#### TASK INPUT:

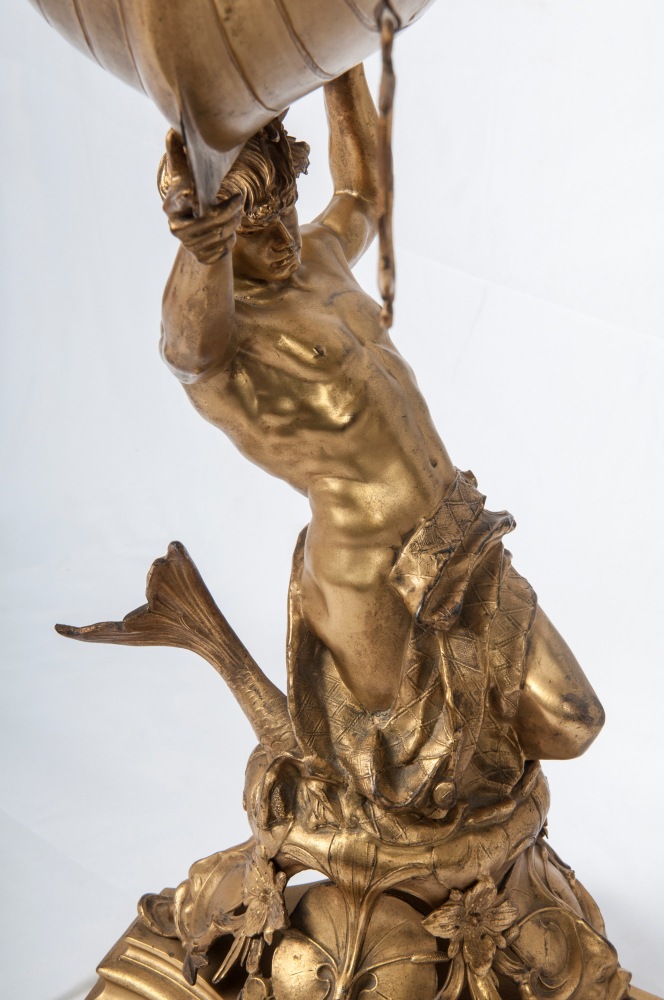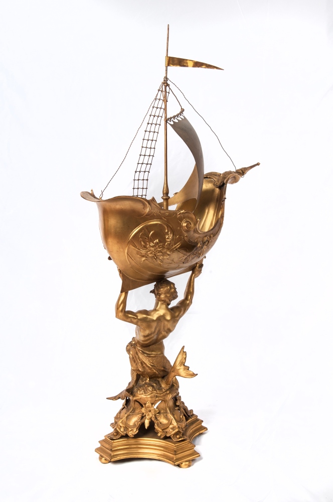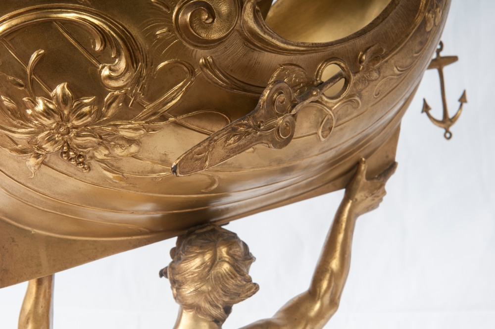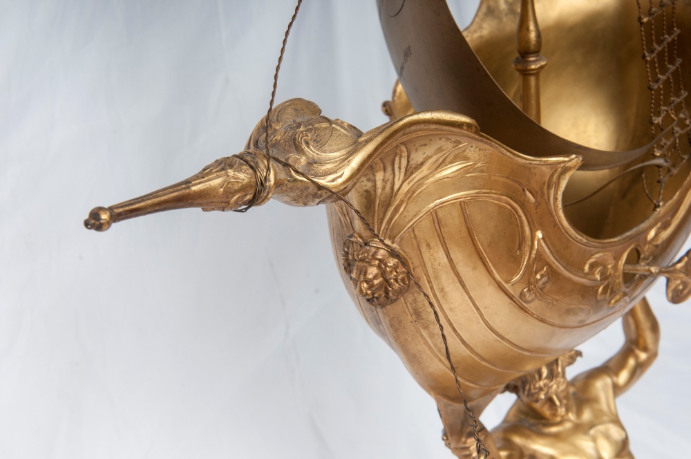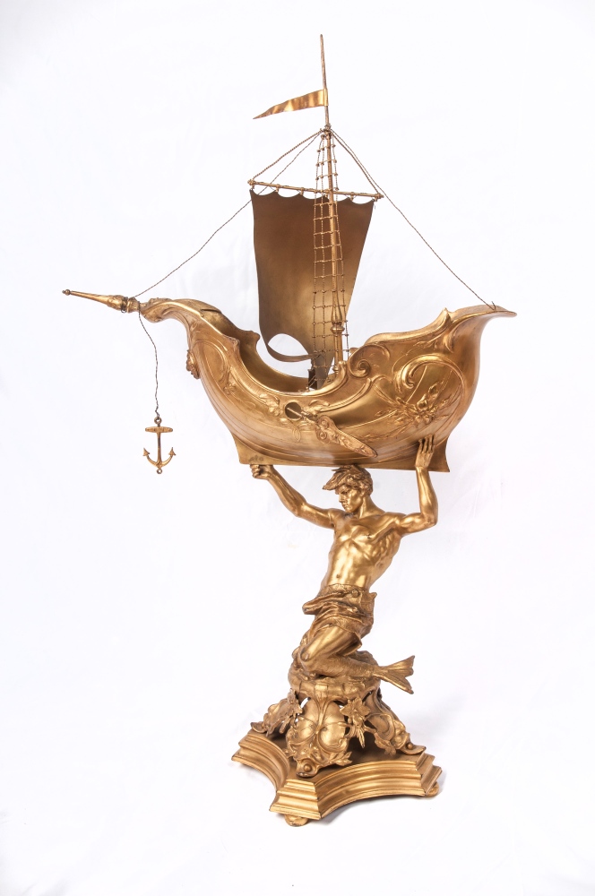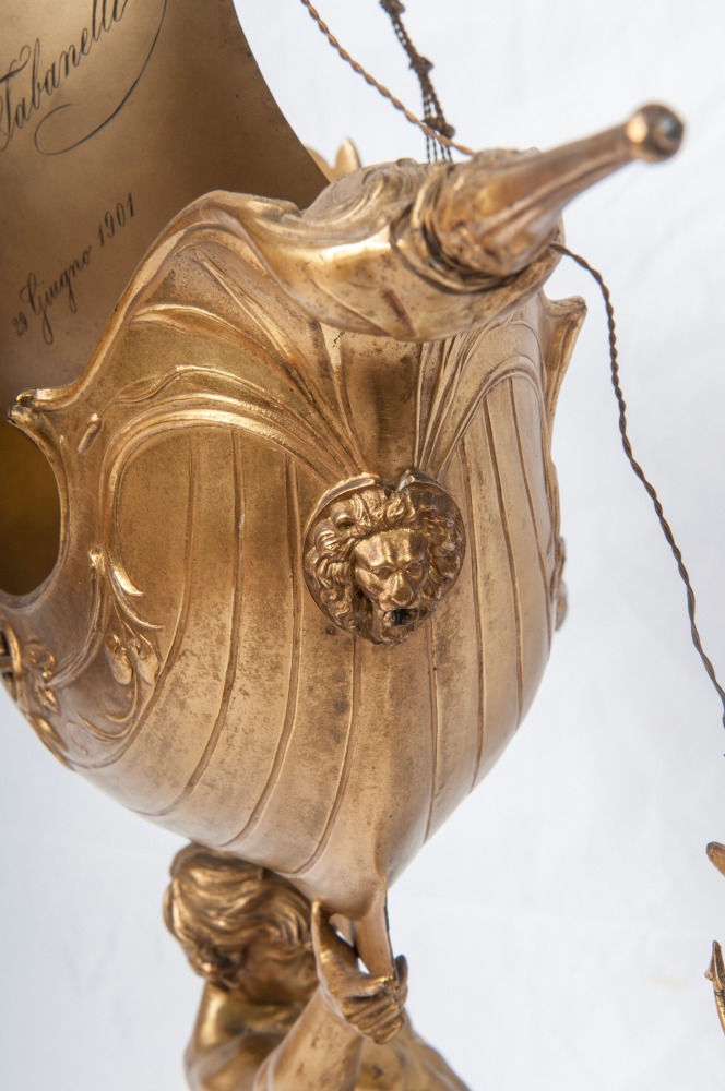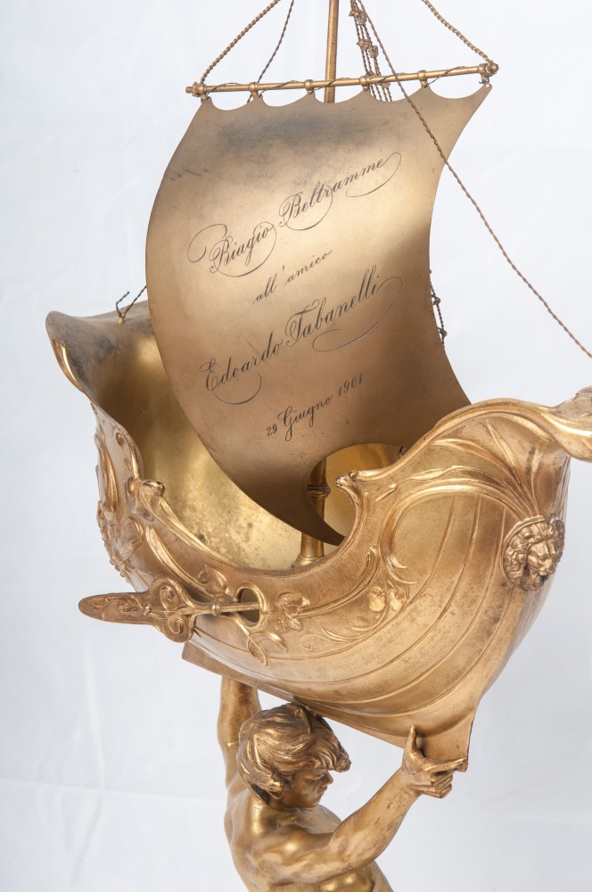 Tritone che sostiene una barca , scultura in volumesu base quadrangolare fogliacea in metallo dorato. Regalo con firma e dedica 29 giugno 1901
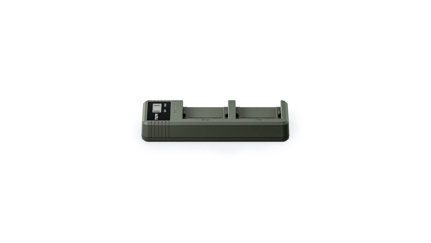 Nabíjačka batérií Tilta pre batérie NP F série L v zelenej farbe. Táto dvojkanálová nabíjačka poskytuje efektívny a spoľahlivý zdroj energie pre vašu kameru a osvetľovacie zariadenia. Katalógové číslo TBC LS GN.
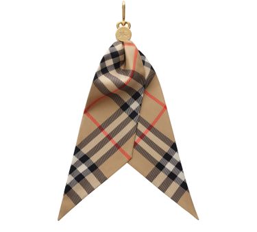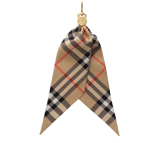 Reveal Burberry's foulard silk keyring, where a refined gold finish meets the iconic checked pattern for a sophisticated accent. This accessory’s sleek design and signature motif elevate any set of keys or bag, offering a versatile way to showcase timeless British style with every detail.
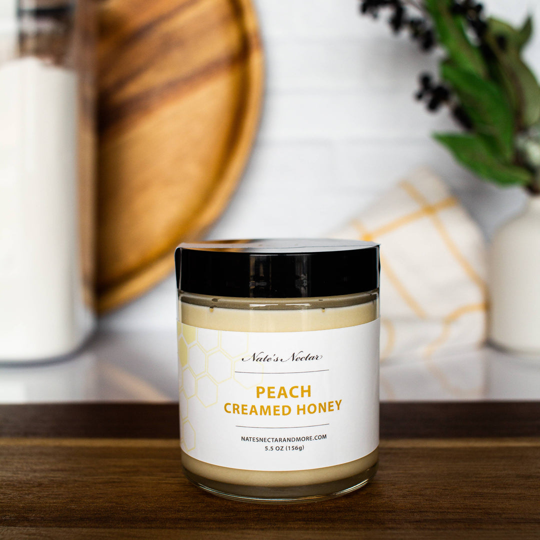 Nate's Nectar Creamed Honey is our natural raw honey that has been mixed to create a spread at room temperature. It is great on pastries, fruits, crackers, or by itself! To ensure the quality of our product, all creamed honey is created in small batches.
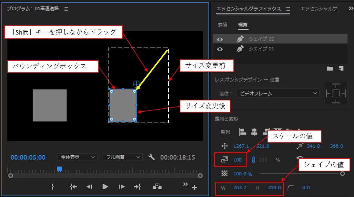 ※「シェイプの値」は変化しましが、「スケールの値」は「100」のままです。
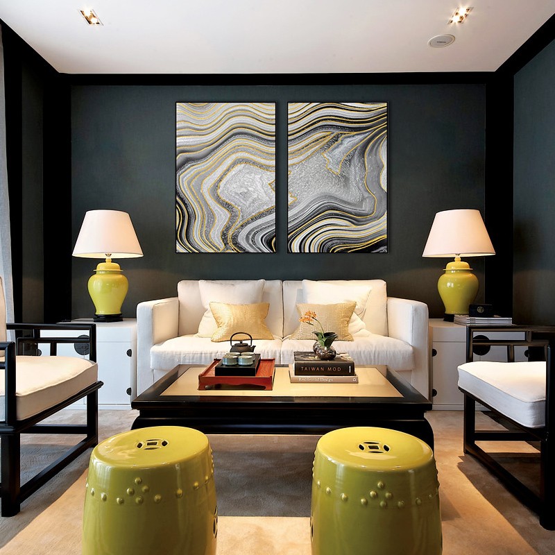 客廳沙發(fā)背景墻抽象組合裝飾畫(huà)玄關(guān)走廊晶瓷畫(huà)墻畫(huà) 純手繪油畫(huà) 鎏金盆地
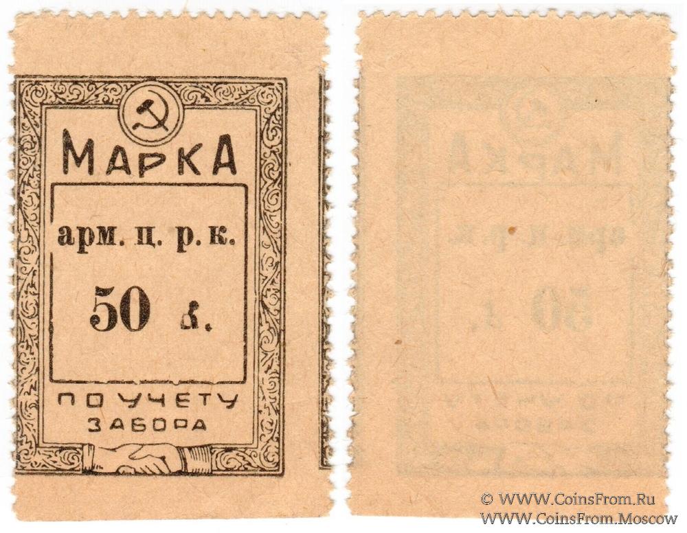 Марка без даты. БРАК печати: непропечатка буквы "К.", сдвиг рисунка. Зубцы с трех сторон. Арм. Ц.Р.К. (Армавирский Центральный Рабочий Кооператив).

#### EXERCISE REQUIREMENTS:
The pictures stay out; repeat exactly the lines from the one with "客廳沙發(fā)背景墻抽象組合裝飾畫(huà)玄關(guān)走廊晶瓷畫(huà)墻畫(huà) 純手繪油畫(huà) 鎏金盆地" to the end of the entries above, and nothing else.

#### EXPECTED ANSWER:
 客廳沙發(fā)背景墻抽象組合裝飾畫(huà)玄關(guān)走廊晶瓷畫(huà)墻畫(huà) 純手繪油畫(huà) 鎏金盆地
 Марка без даты. БРАК печати: непропечатка буквы "К.", сдвиг рисунка. Зубцы с трех сторон. Арм. Ц.Р.К. (Армавирский Центральный Рабочий Кооператив).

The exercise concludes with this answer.